Problem requirements -
In the entries below, find the line with "Questa tuta allacciatura" and the line with "Braço com 25cm". Repeat exactly everything between them, those two lines included, but not the pictures.

Data shown -
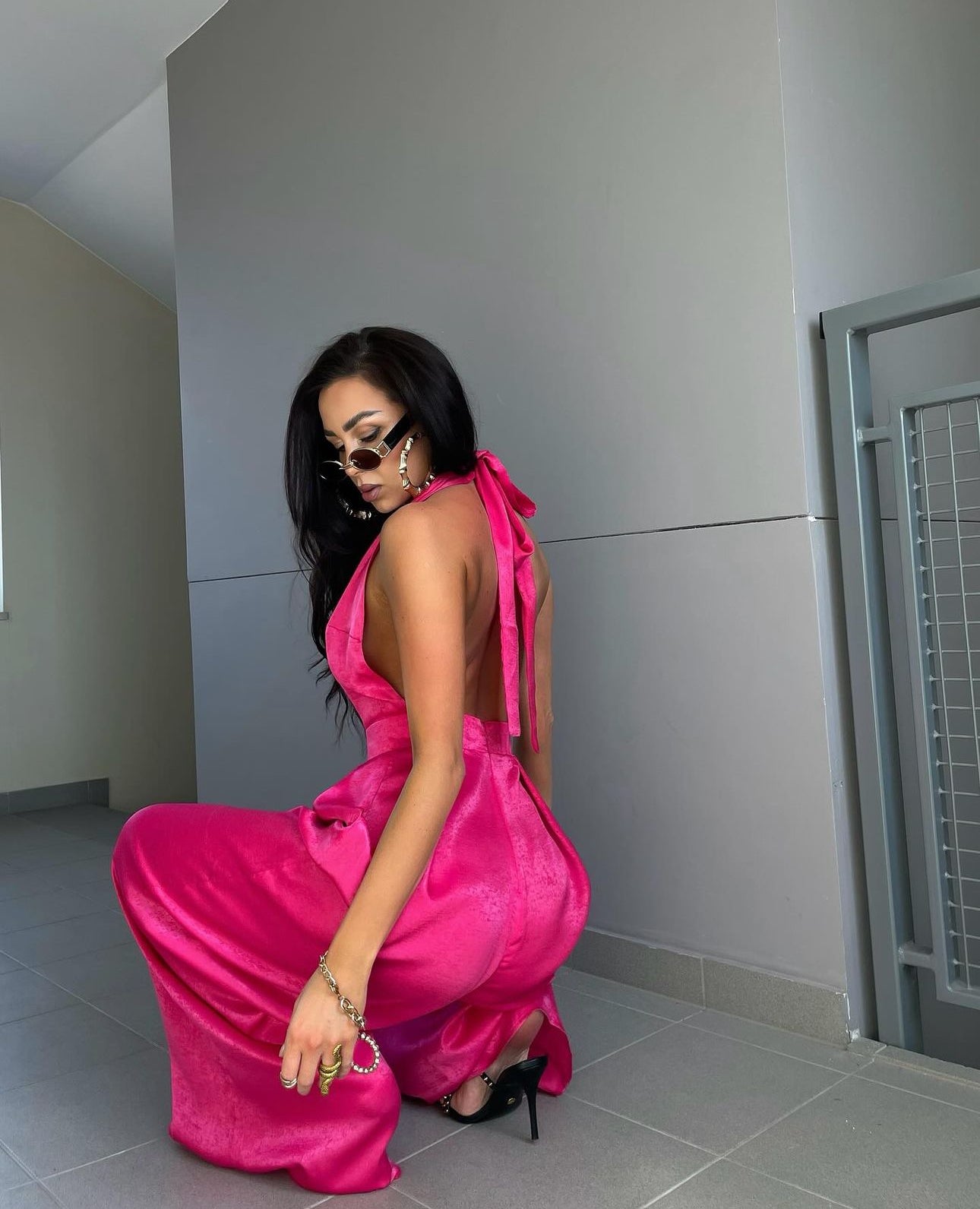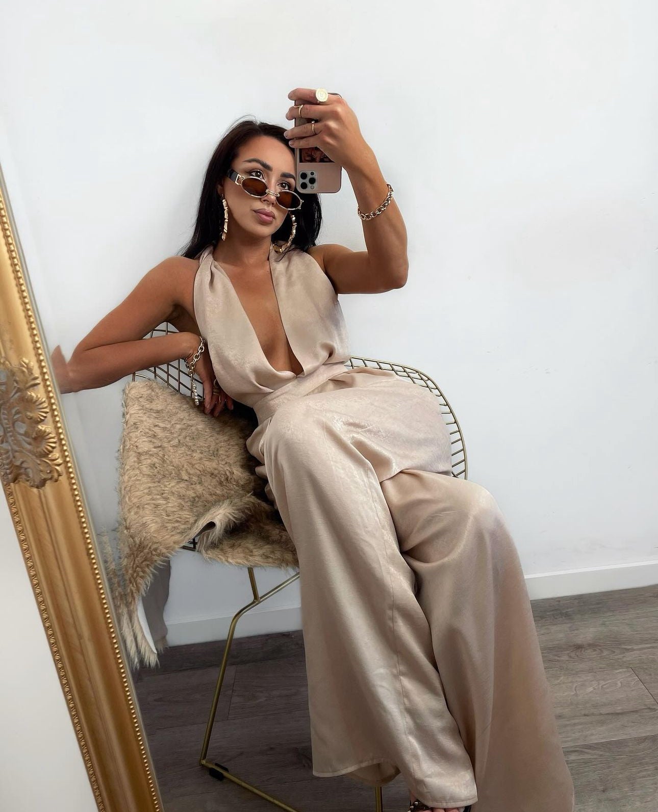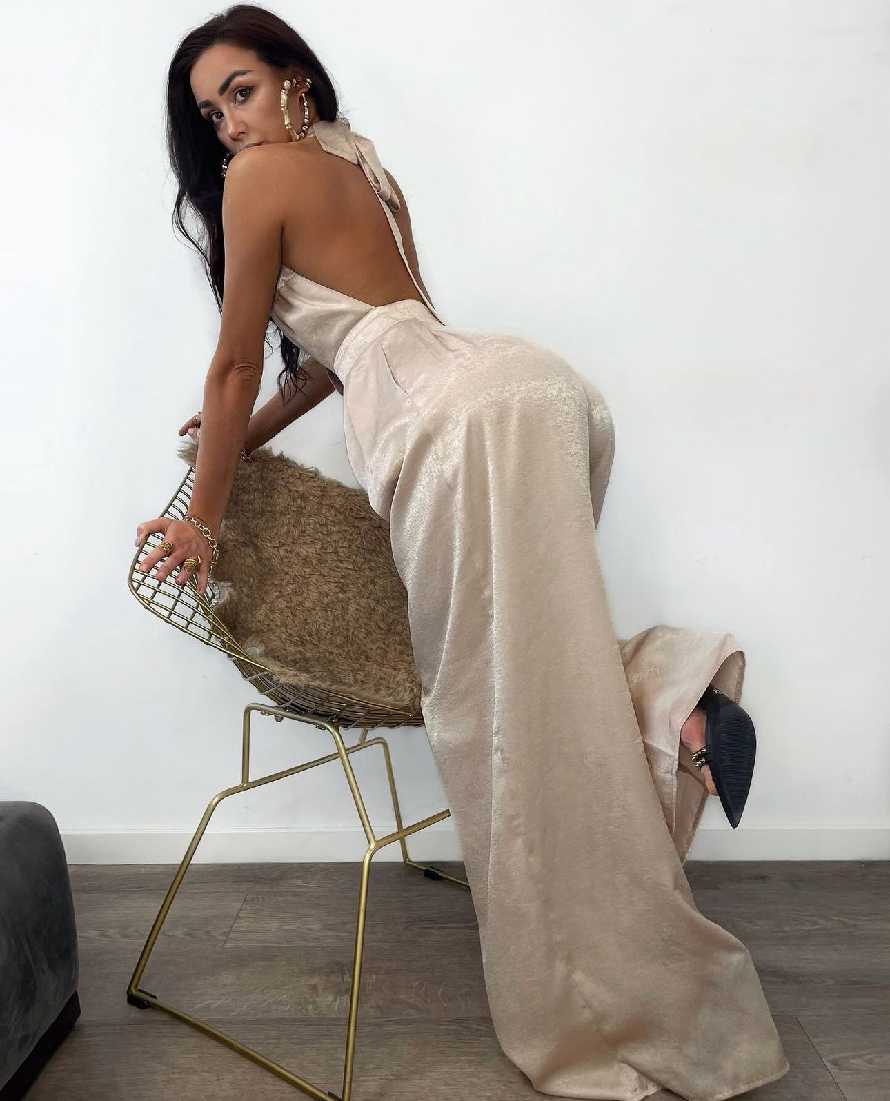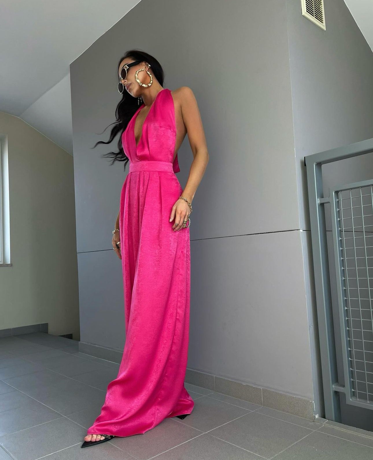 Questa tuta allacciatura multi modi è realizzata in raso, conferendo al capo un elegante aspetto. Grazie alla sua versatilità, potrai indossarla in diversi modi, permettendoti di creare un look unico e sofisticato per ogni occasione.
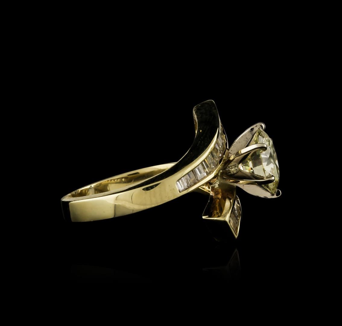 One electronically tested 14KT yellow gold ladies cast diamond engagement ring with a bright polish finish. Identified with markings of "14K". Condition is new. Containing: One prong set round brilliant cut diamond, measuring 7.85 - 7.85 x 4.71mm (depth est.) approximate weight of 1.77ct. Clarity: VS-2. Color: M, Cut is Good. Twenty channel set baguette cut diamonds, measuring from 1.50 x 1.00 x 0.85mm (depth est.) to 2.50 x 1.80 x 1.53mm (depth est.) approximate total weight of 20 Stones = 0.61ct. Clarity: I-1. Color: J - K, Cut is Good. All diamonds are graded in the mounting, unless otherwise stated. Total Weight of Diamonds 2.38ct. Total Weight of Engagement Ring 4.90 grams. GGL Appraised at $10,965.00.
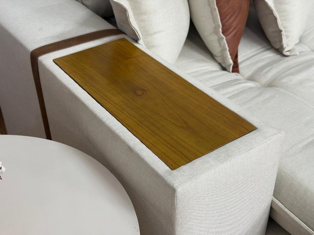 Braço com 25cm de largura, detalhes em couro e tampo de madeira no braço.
---
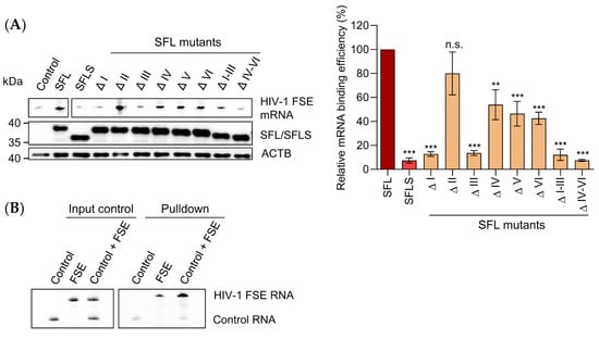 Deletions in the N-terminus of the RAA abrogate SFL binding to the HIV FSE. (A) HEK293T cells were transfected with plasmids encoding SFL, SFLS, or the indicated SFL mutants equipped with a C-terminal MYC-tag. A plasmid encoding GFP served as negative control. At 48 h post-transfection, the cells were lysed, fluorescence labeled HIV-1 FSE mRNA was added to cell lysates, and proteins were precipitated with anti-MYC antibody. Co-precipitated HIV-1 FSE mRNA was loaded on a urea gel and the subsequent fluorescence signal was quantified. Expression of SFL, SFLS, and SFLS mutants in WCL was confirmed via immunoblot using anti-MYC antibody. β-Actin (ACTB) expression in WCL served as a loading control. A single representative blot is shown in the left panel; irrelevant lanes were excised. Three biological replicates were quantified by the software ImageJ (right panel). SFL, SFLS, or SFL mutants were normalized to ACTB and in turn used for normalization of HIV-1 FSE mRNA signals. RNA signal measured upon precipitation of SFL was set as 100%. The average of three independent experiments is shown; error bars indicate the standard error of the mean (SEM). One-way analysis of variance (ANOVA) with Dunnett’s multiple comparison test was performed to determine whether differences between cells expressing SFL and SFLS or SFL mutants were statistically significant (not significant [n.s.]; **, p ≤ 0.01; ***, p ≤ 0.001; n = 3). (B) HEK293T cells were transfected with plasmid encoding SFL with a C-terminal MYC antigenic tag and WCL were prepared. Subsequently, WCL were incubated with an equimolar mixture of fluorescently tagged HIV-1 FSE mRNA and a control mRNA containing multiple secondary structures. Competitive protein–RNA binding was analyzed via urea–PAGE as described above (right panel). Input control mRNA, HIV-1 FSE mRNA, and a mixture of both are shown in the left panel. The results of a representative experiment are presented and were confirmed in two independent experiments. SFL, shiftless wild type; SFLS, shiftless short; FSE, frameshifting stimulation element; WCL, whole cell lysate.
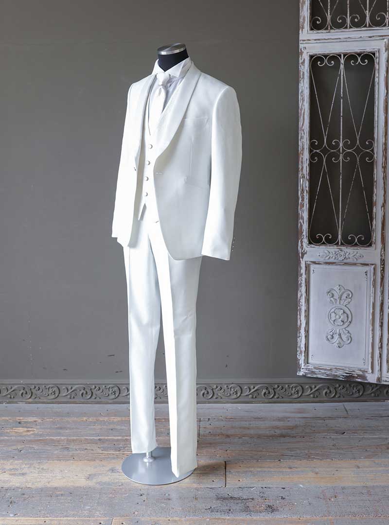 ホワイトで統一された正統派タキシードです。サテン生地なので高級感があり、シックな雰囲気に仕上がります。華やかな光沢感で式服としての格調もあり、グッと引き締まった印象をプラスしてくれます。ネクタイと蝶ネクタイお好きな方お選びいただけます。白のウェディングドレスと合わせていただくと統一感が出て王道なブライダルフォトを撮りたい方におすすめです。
...
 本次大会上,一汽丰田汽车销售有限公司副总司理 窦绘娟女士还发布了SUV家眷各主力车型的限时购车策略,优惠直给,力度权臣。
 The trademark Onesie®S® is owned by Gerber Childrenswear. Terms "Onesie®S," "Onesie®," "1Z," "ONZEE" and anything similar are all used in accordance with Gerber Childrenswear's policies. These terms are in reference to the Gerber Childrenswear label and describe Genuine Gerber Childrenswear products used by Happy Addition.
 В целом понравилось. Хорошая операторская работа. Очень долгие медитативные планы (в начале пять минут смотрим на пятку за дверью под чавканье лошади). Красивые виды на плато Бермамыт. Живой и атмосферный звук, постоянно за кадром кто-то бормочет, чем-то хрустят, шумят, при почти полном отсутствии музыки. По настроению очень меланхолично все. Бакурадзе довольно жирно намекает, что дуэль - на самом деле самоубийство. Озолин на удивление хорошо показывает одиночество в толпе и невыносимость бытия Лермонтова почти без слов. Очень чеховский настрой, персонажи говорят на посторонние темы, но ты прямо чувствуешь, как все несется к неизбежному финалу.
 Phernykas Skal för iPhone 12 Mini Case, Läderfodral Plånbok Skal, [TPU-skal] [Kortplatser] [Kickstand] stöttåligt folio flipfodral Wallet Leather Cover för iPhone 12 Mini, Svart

Result below -
 Questa tuta allacciatura multi modi è realizzata in raso, conferendo al capo un elegante aspetto. Grazie alla sua versatilità, potrai indossarla in diversi modi, permettendoti di creare un look unico e sofisticato per ogni occasione.
 One electronically tested 14KT yellow gold ladies cast diamond engagement ring with a bright polish finish. Identified with markings of "14K". Condition is new. Containing: One prong set round brilliant cut diamond, measuring 7.85 - 7.85 x 4.71mm (depth est.) approximate weight of 1.77ct. Clarity: VS-2. Color: M, Cut is Good. Twenty channel set baguette cut diamonds, measuring from 1.50 x 1.00 x 0.85mm (depth est.) to 2.50 x 1.80 x 1.53mm (depth est.) approximate total weight of 20 Stones = 0.61ct. Clarity: I-1. Color: J - K, Cut is Good. All diamonds are graded in the mounting, unless otherwise stated. Total Weight of Diamonds 2.38ct. Total Weight of Engagement Ring 4.90 grams. GGL Appraised at $10,965.00.
 Braço com 25cm de largura, detalhes em couro e tampo de madeira no braço.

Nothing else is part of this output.